The cohesive method is widely used to simulate hydrogen embrittlement based on the hydrogen enhanced de-cohesion mechanism. However, little research takes the trap hydrogen pressure into account. Kazinczy’s investigation shows that hydrogen can be gathered in the flaws within steel, and applies a high hydrogen pressure on the flaws’ internal surface. For a steel part without any load, the trap hydrogen pressure is the driving force for new crack generation and crack propagation. In addition, this pressure magnitude is very sensitive to the surrounding lattice hydrogen concentration, and it can be increased to a very high value (Figure 7). The work proposed in this article is very different from previous studies, which in contrast take lattice hydrogen as the only reason for hydrogen induced delayed fractures in steel.
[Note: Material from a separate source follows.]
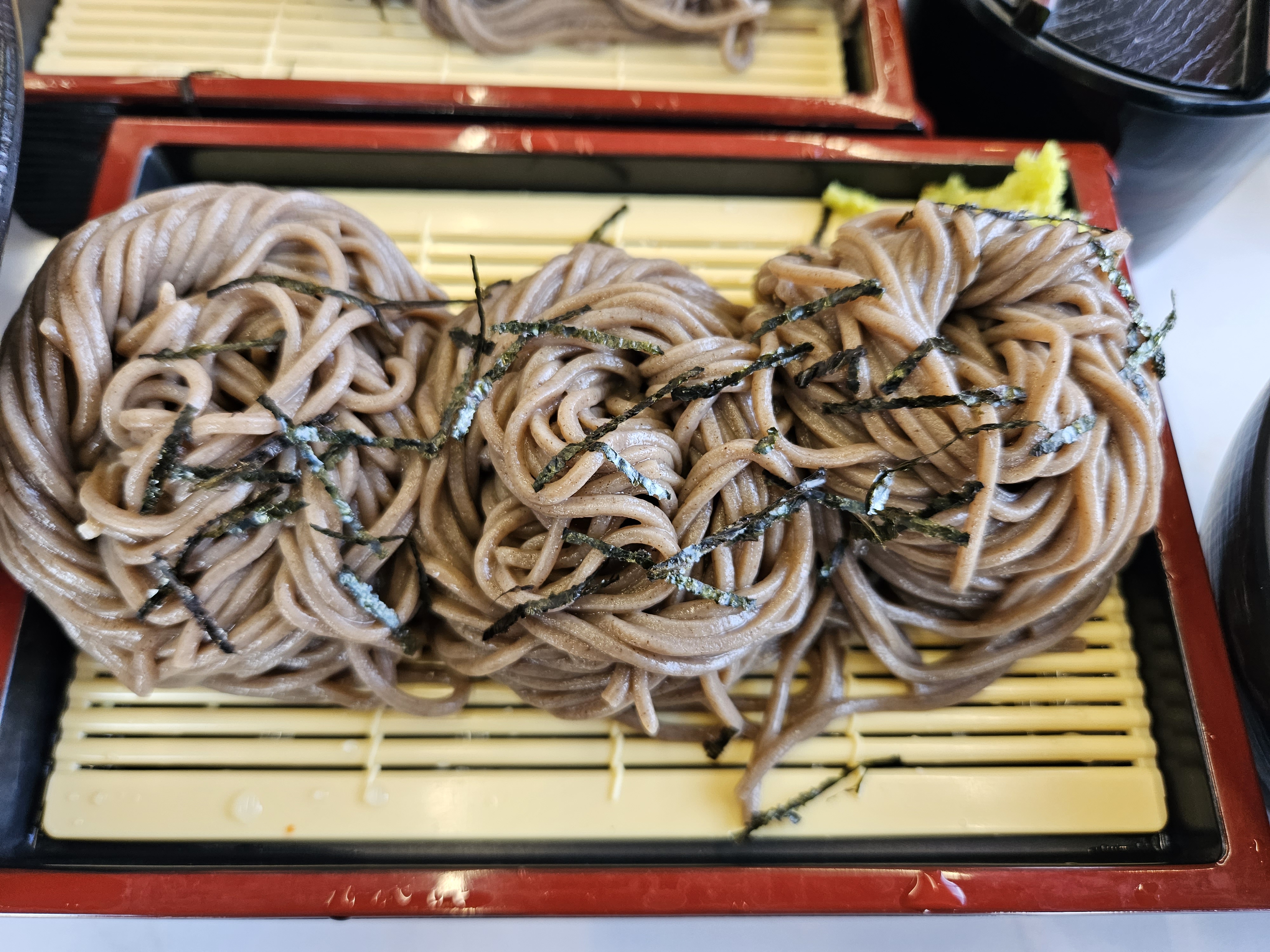 그리고 냉소바를 먹어보았는데요. 개인적으로 여태 먹어본 소바 중에서 제일 맛있었습니다. 면을 직접 뽑아서 그런지 정말 탱탱하고 두툼하면서 쫄깃한 게 맛있었고 특히 육수 또한 한몫했습니다. 그리고 판메밀 형식으로 나오는데 양 또한 엄청 많이 주시더라고요. 비빔소바를 괜히 시켰나 생각이 들 정도로 많은 양이었습니다.

The generated high hydrogen pressure in traps leads to a high stress field around the traps (Figure 8a and Figure 9b). Because of the up-hill diffusion of hydrogen, hydrogen is re-distributed around crack tips (Figure 8b). In addition, the material critical cohesive stress is reduced based on the results of the hydrogen distribution (Figure 9a). All three behaviors occur based on the generated high hydrogen pressure. It should be emphasized that the hydrogen aggregation around cracks is another reason for flake formation. The aggregated hydrogen can drastically decrease the material critical cohesive stress (Figure 9a). In addition, the form and degree of hydrogen aggregation largely depends on the distribution of the hydrostatic stress field, which is the result of the generated high hydrogen pressure in cracks (Figure 9b).
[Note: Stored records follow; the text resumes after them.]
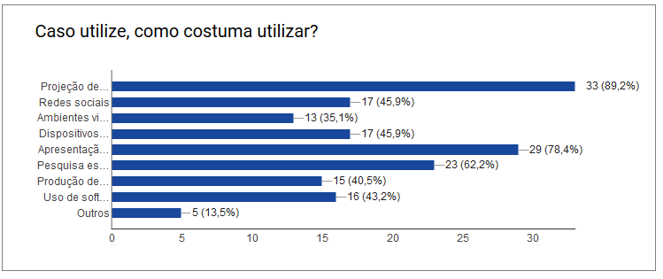 Contudo, a maior parte ainda faz essa utilização exclusivamente por meio de projeção de recursos audiovisuais, com slides e pesquisas, conforme demonstra o Gráfico 01 a seguir, sendo poucos os que utilizam outras ferramentas digitais. As opções oferecidas para os professores eram projeções de vídeos, imagens, música, redes sociais, ambientes virtuais de aprendizagens, dispositivos móveis, apresentação de slides, produção de vídeos, uso de softwares educacionais e outros recursos.
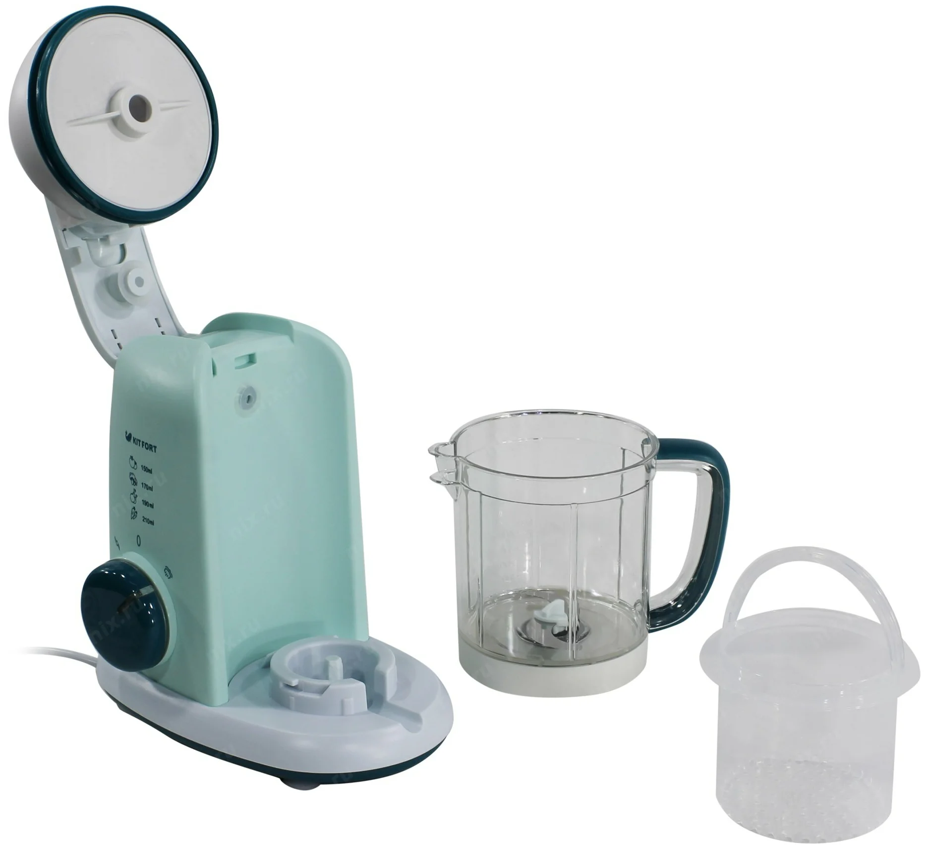 В сравнении блендеров-пароварок для детского питания высокое место занимает агрегат 4 в 1, его стоит выбрать за большой набор дополнительных функций. Пар внутри емкости циркулирует снизу вверх и быстро обрабатывает загруженное сырье в пяти встроенных режимах. Объем кувшина составляет 1 л, что позволяет сделать до четырех порций питания за один цикл.
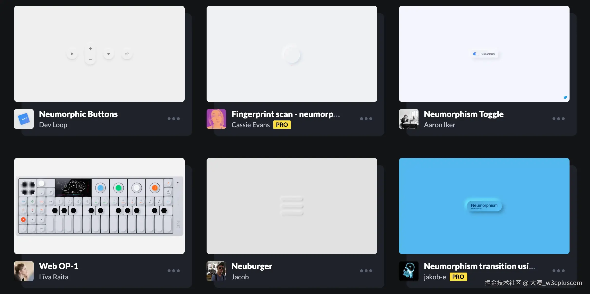 另外在Codepen上也能找到很多有关于 Neumorphism UI的Demo效果:
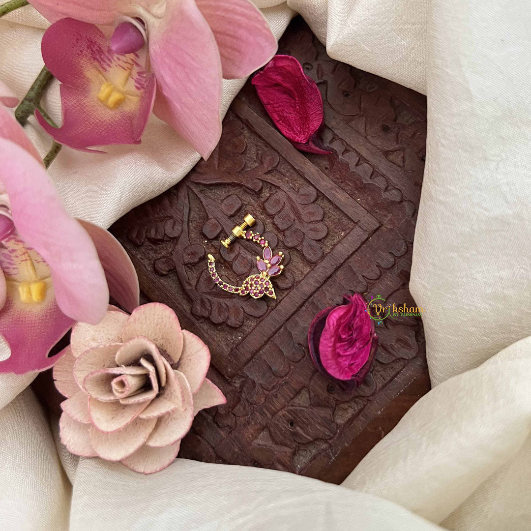 The Vriksham Leaf & Diya Style Press Naths in red features a refined design combining elegant leaf and diya motifs. Crafted for a secure and comfortable press fit, this nose pin adds a vibrant yet sophisticated touch, perfect for enhancing both traditional and modern styles with timeless grace.
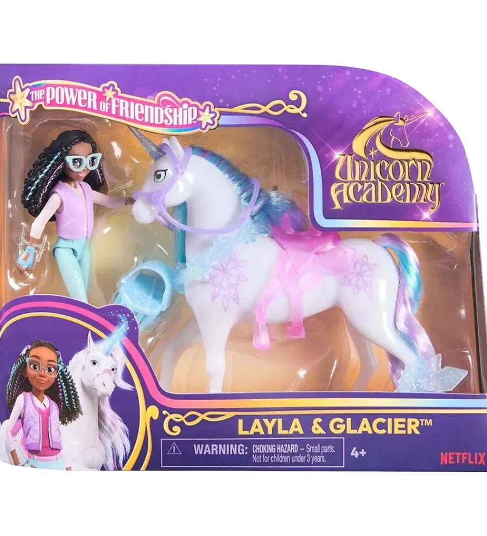 Flotte Unicorn Academy legetøjsfigurer, som forestiller Layla og hendes enhjørning Glacier – kendt fra Netflix-serien “Unicorn Academy”.
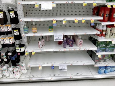 Lake Placid’s Price Chopper was sold out of hand sanitizer on Sunday due to high demand. The store imposed a limit on the purchase of toilet paper to two per customer for packs of four rolls or more, and four per customer for liquid hand soap.
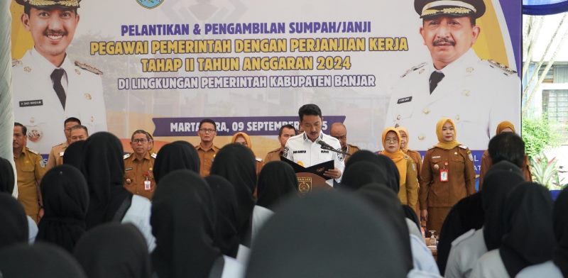 Katajari.com – Bupati Banjar H Saidi Mansyur resmi melantik dan mengambil sumpah jabatan 369 Pegawai Pemerintah dengan Perjanjian Kerja (PPPK) di lingkungan Pemerintah Kabupaten Banjar, Selasa (9/9/2025) pagi di halaman belakang Kantor Bupati Banjar, Martapura.
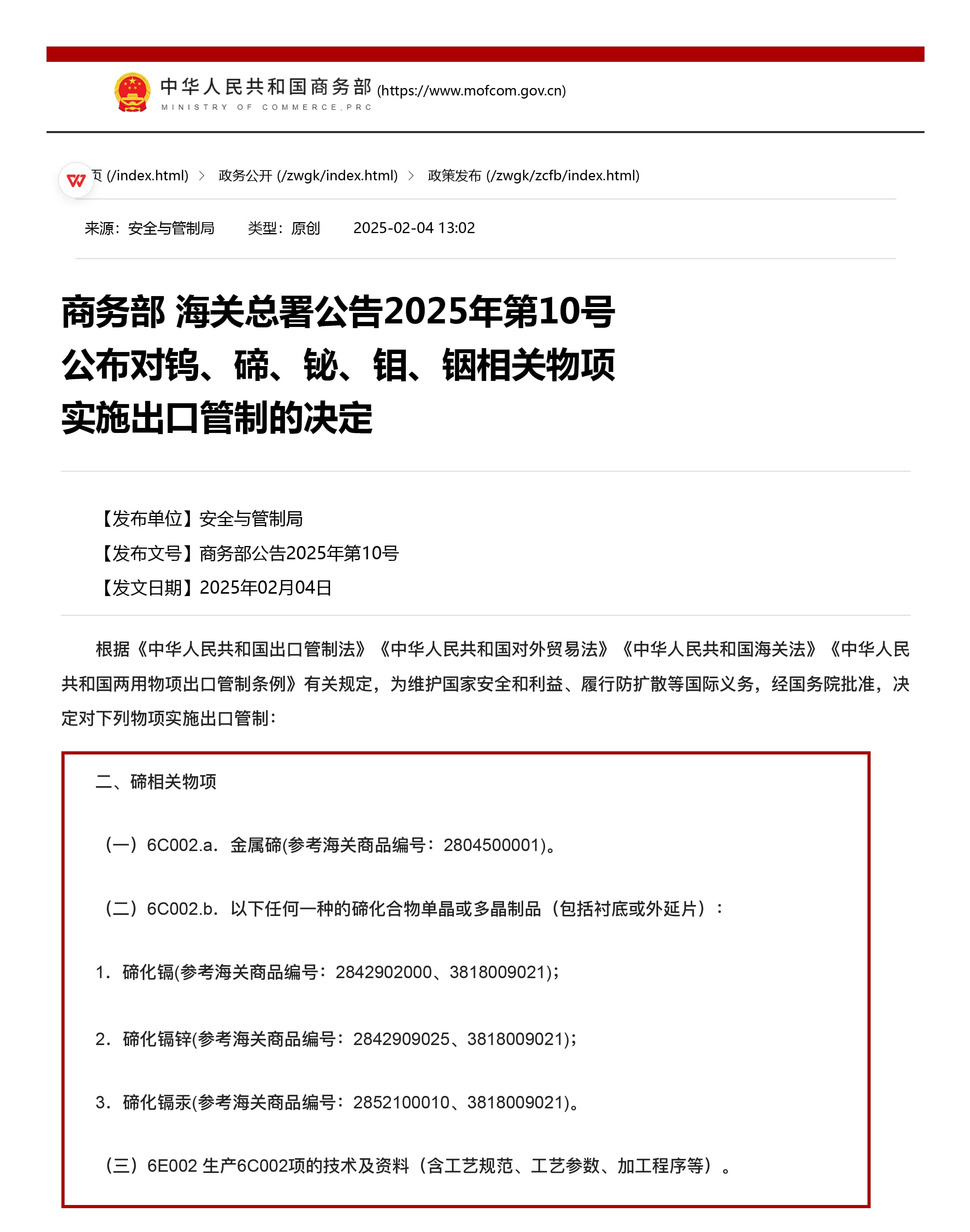 On February 4, the Ministry of Commerce and the General Administration of Customs jointly issued an announcement to formally implement export controls on tungsten, tellurium, bismuth, molybdenum, and indium-related items. This move aims to safeguard national security and interests and fulfill international obligations such as non-proliferation.

Although the maximum hydrogen content and tensile stress are not located at crack tip, the new crack surface is only generated at the crack tip (Figure 10a). Trap size is a key factor for flake formation. The longer of crack length, the less hydrogen concentration is needed to generate a new crack surface. However, this tendency only exists when the crack diameter is below 4 mm, and changes drastically within the interval from 0 to 2 mm (Figure 10b). As the crack diameter is above 4 mm, only 0.5 ppm hydrogen concentration is needed for flake formation. In addition, the new generated flake can continuously propagate without any more hydrogen. These results indicate that reducing and controlling the flaw size within steel are very effective ways to avoid flake generation. On the other hand, the ultrasonic testing is very important for many steel parts. In addition, the accuracy of the ultrasonic testing and hydrogen content can be used to predict the possibility of flake formation. It should be noted that the analysis model proposed in this article can only be used on the macroscopic scale, generally on the millimeter scale. Establishing a microscopic scale analysis model, especially based on the grain size, and studying the microscopic mechanism of flake initiation is the focus of our next research project.

6. Conclusions

In this article, the three factors of trap hydrogen pressure, stress induced hydrogen re-distribution, and hydrogen embrittlement are firstly coupled to study the mechanism of flake formation and propagation in Cr5VMo steel using the finite element method. From our results, three main conclusions can be drawn. The first is that trap hydrogen pressure is the main driving force for flake formation in steel. It not only defines the stress field around crack tips, but also affects the degree of hydrogen aggregation in steel. The second is that trap size is a very important factor for defining the critical hydrogen content of flake formation. The ultrasonic testing and its accuracy are very important for predicting the possibility of flake formation. The third conclusions is that hydrogen content is the key to flake initiation, and its value should be well examined and controlled. In addition, hydrogen detection accuracy should be guaranteed effectively, especially as the hydrogen content is below 3 ppm. The simulation method and results proposed in this article generally support the understanding of hydrogen assisted cracking phenomena in steel. They are helpful for developing appropriate measures for preventing flake formation in the future.